The final kernel that we used for our submission can be found here:
Over the course of the competition we created several image datasets of face detections. The first baseline (ImagesFaces1) only contained the first face detection in a video using MTCNN as our face detector. Fine-tuning EfficientNetB5 on this dataset already gave us a pretty reasonable baseline (0.23083 local validation, 0.39680 on public leaderboard). Half-way we switched to RetinaFace as face detector as it had better performance and was faster. The first dataset after this switch (ImagesFaces3) contains 200K faces as training data. The final dataset (ImagesFaces6) featured 2M face detections from the training videos. Our final solution has both models that are trained on ImagesFaces3 and ImagesFaces6. It is arguable that 2M face detections is overkill, but luckily we had sufficient computational resources to experiment with it. In all datasets we took a 20% sample as validation data avoiding data leakage due to the limited number of actors. The datasets we created were balanced so we had 50% real and 50% fake faces.

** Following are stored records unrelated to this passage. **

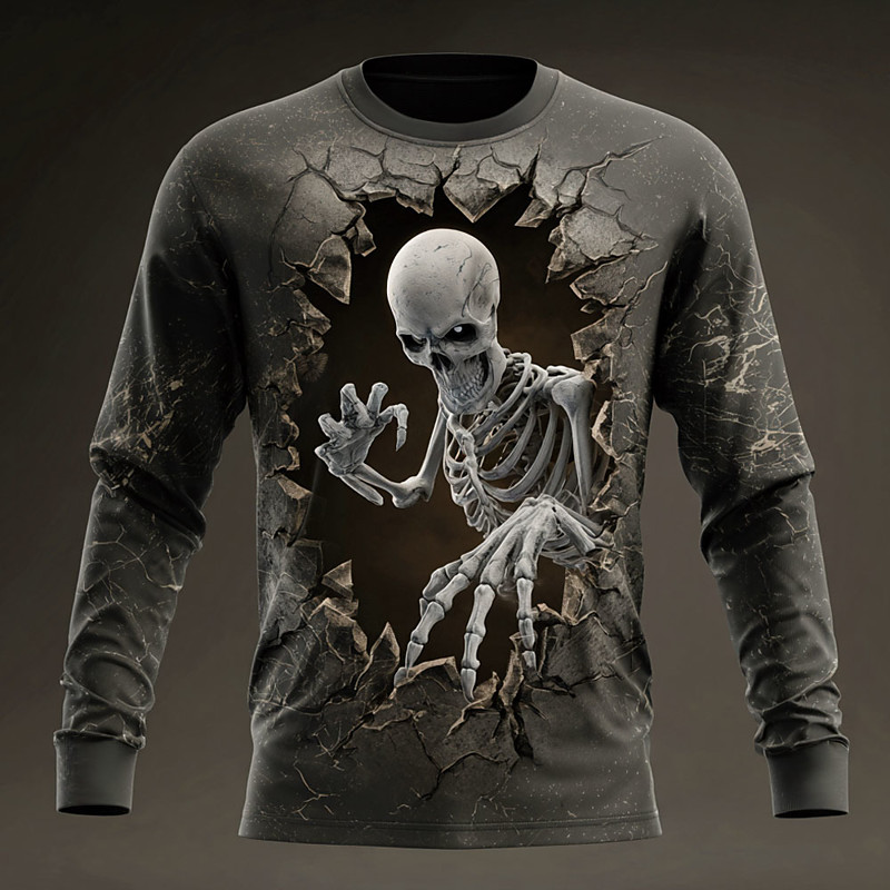 Halloween Men's Grim Reaper Skeleton T Shirt Long Sleeve T shirt 3D Print Crew Neck Shirt Fashion Exaggerated Street Casual Daily Yellow Green Dark Blue Summer Spring Fall Clothing Apparel S M L XL
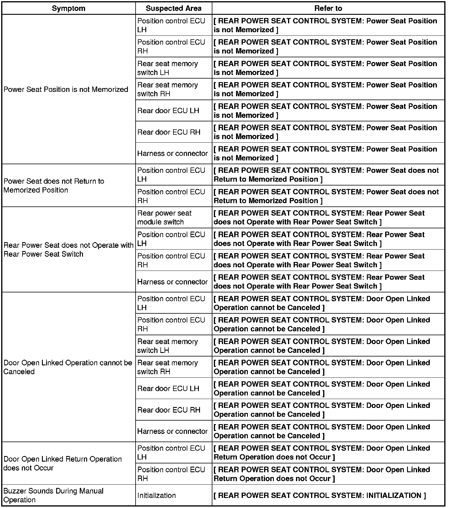SEAT: REAR POWER SEAT CONTROL SYSTEM: PROBLEM SYMPTOMS TABLE
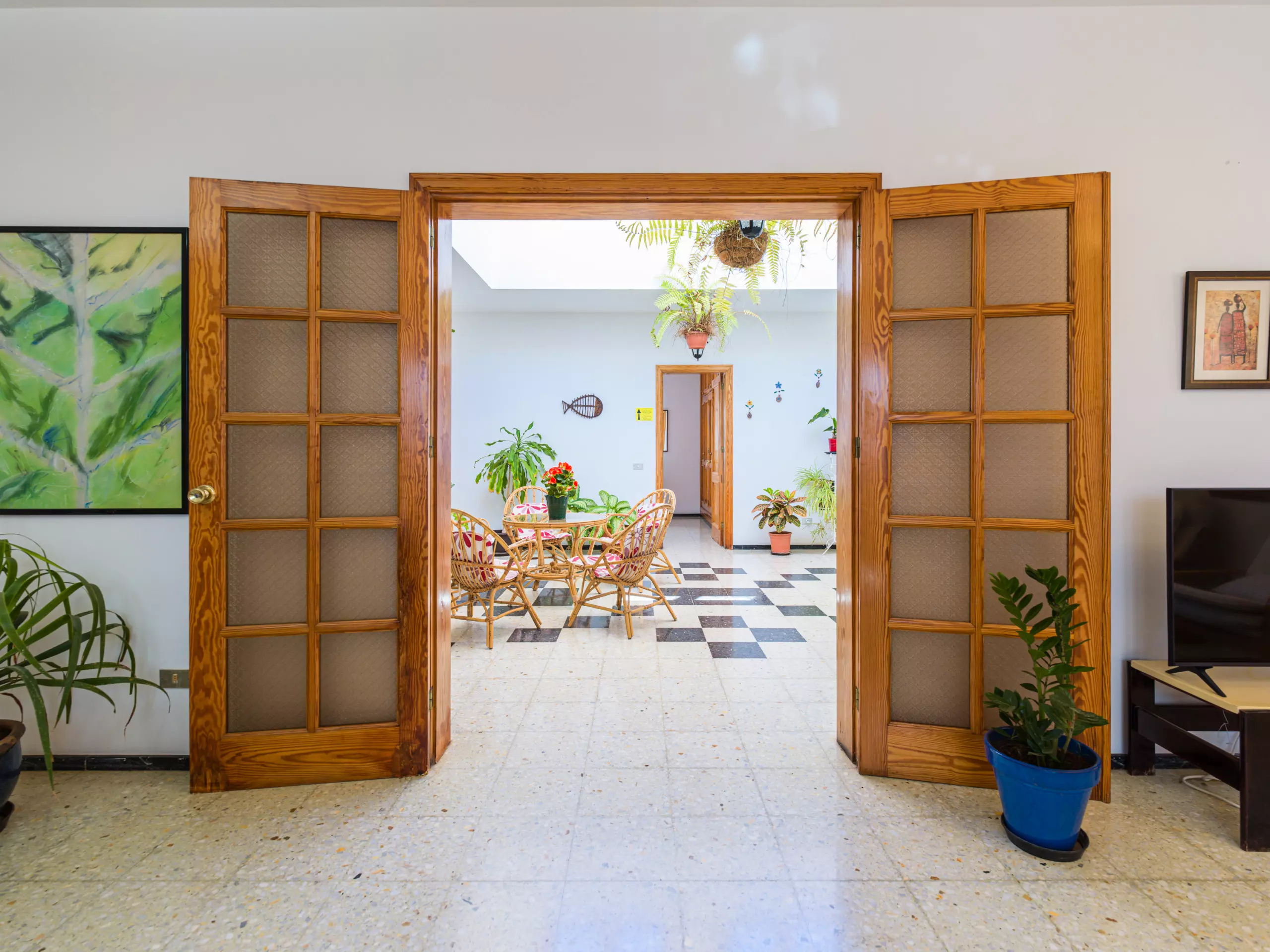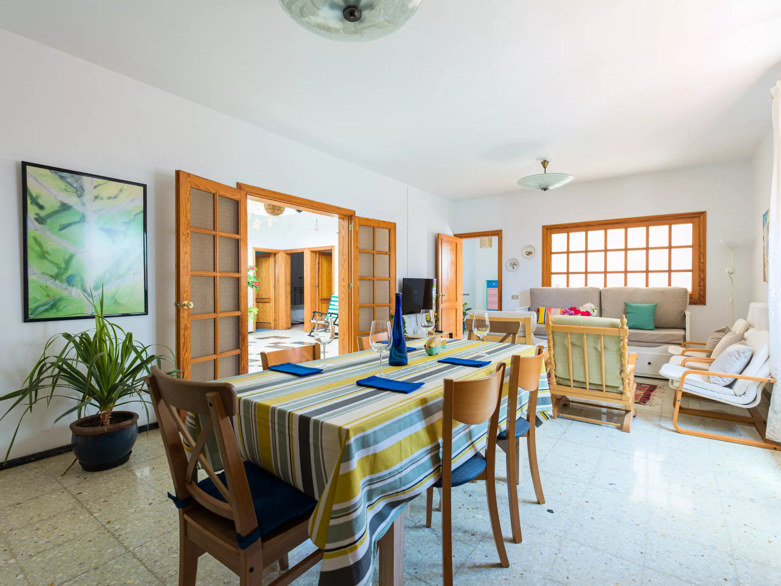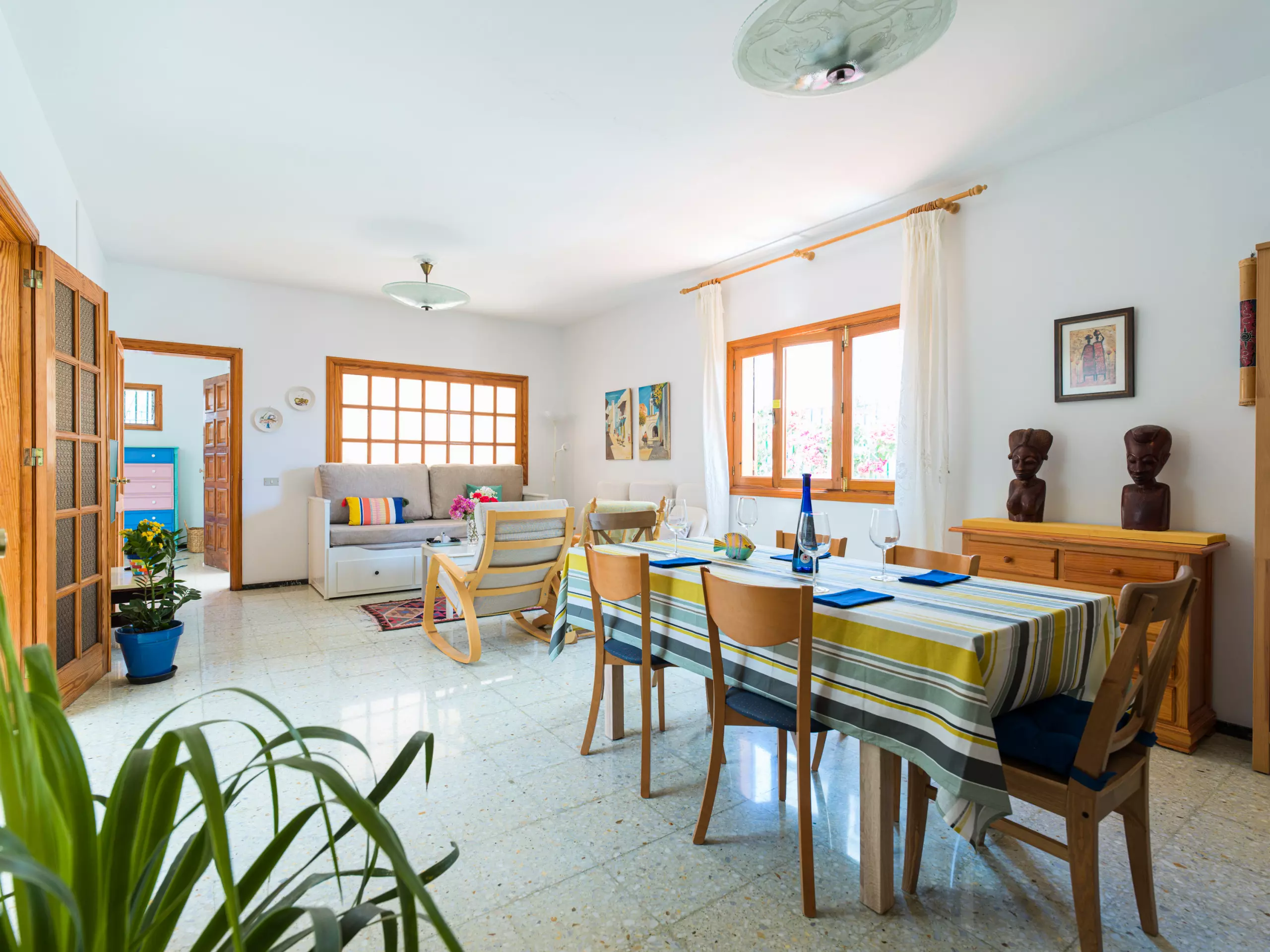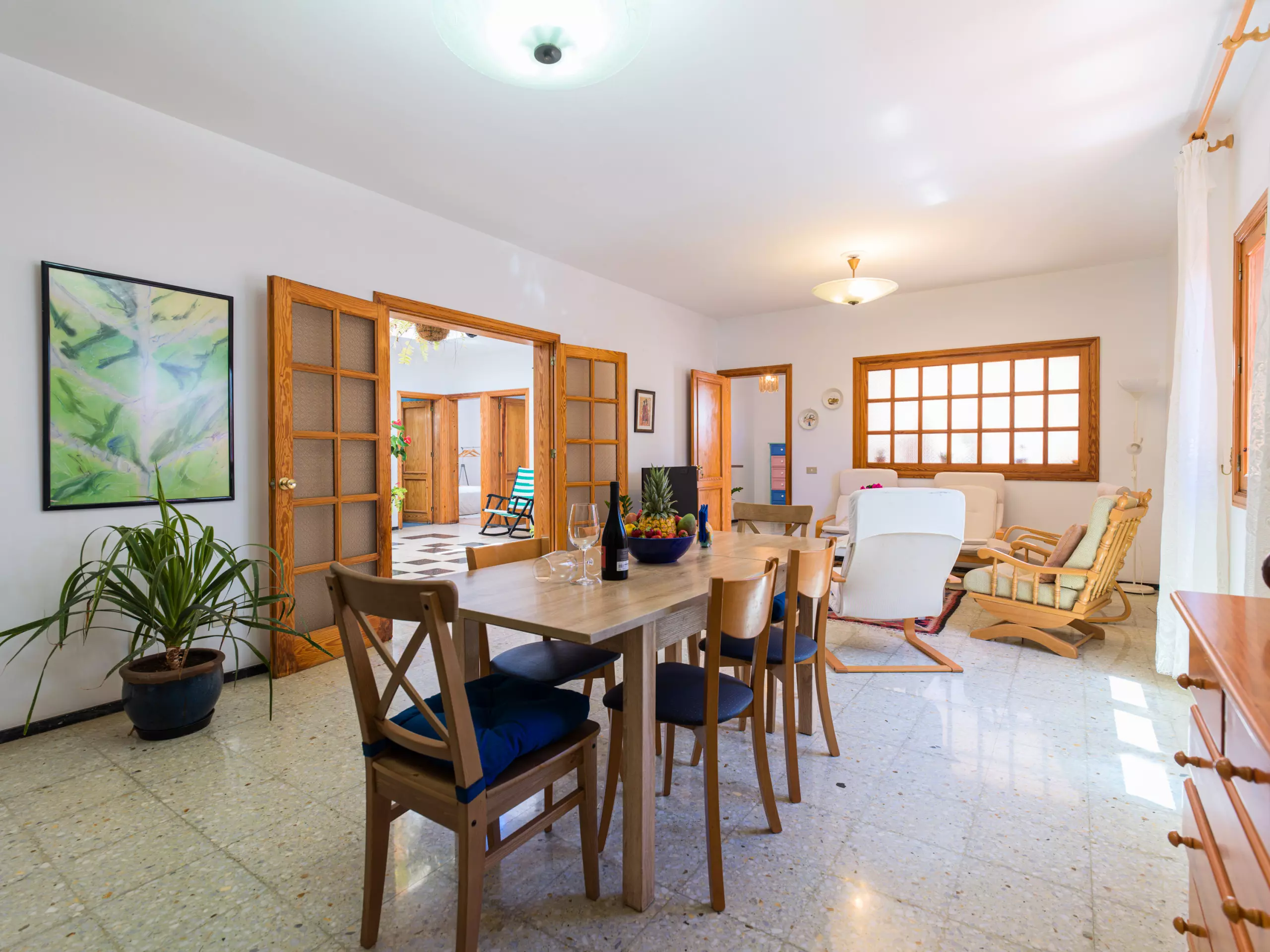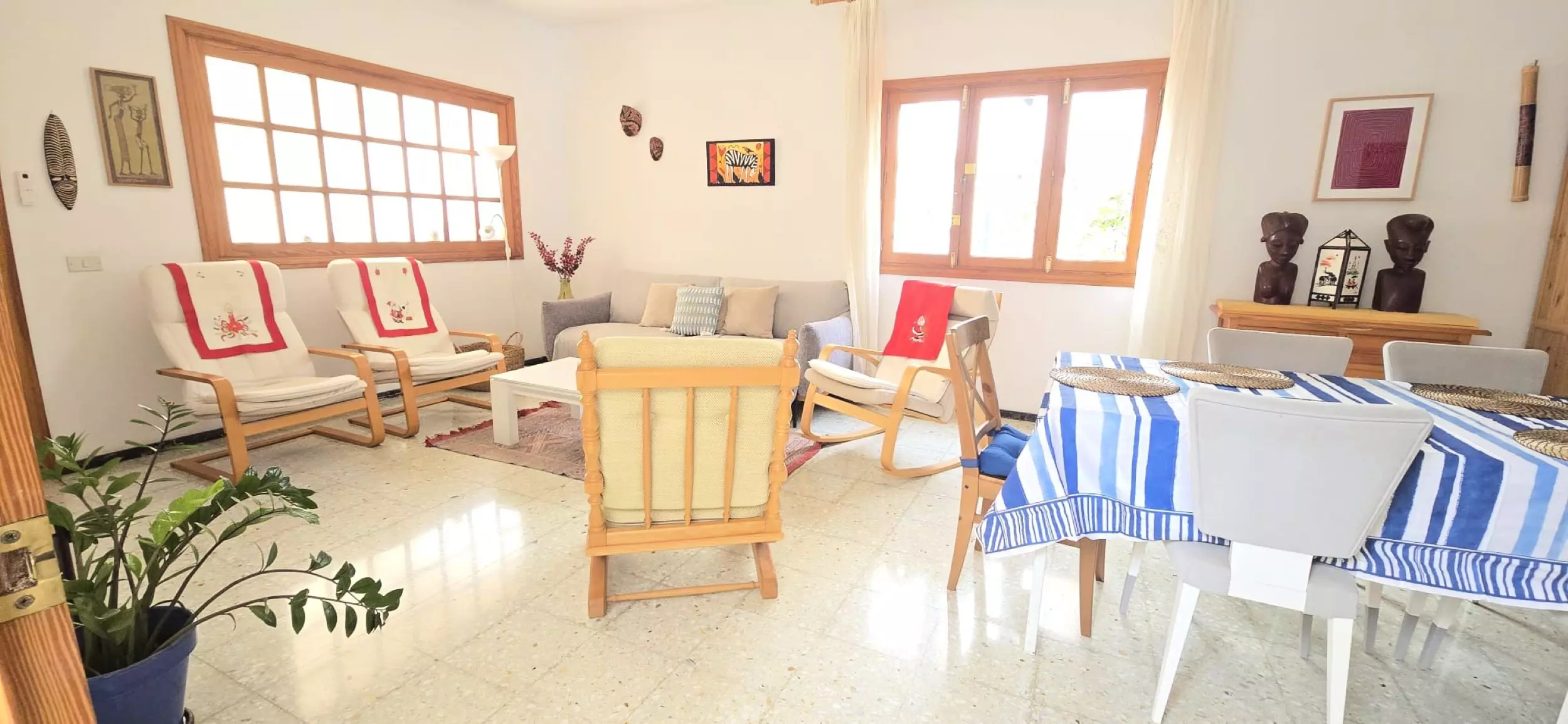 Maison spacieuse et confortable de plain-pied au cœur d'Agaete, entre le port et le centre urbain d'Agaete, la maison dispose de trois chambres spacieuses, de hamacs, de zones d'ombre, d'une douche extérieure, d'arbres fruitiers et d'une grande terrasse offrant une vue fantastique sur le parc naturel de Tamadaba. Elle dispose également d'un porche à l'entrée, idéal pour profiter d'un bon café local, et d'une immense cour intérieure. La maison est parfaite pour les familles souhaitant se reposer, faire de la randonnée, des sports nautiques ou découvrir l'île.

We started out with MTCNN as our face detector, but we thought it was too slow and that we could have better performance. Eventually we settled on RetinaFace as it had better performance and faster inference time.
The MTCNN library we used is built on Tensorflow so naturally our classification models where based on Tensorflow/Keras. We did experiments using XCeptionNet and EfficientNetB0-B8.
When we switched to RetinaFace we could only find a Pytorch implementation and as both Tensorflow and Pytorch allocate all GPU memory we felt forced to choose one framework for face detection and classification models. With 1.5 months left we therefore chose to go with RetinaFace and start experimenting with Pytorch models.
Models and Ensembling strategy:
Our final 81st place solution is a hotchpotch of EfficientNet Models. This haphazard combination was intentional to include diversity and to have a good chance at generalizing well to new data. The final models that were used:
EfficientNetB6, 200×200 resolution, ImagesFaces6
EfficientNetB5, 224×224 resolution, ImagesFaces3
EfficientNetB5, 224×224 resolution, ImagesFaces6
EfficientNetB6, 224×224 resolution, ImagesFaces6, finetuned for one epoch on our validation data.
EfficientNetB4, 224×224 resolution, ImagesFaces6, data augmentation and label smoothing.
All models are trained with a starting learning rate of 0.001 and using a “Reduce on Plateau” learning rate schedule with a patience of 2 and with a multiplier of 0.5. All models have a dropout of 0.4 before the final layer and group normalization so we don’t lose performance with small batch sizes (e.g. 20).
We settled on a simple mean from all models for each video. We made 25 predictions per video on evenly spread frames. No weighting of models was done. The predictions were clipped between 0.01 and 0.99.
In order to speed up the inference process we decreased the frame resolution by a factor of 2. Most original video frames were already high resolution so the face detector was still effective on a frame with a reduced resolution.
Throughout the competition we generally had a large correlation between our local validation scores and public leaderboard scores. A lower log loss on the local validation generally meant a better leaderboard score, but our final validation scores were extremely low (approx. 0.068 log loss). This means that we most likely had some data leakage in our training data, but we don’t know exactly where it was coming from.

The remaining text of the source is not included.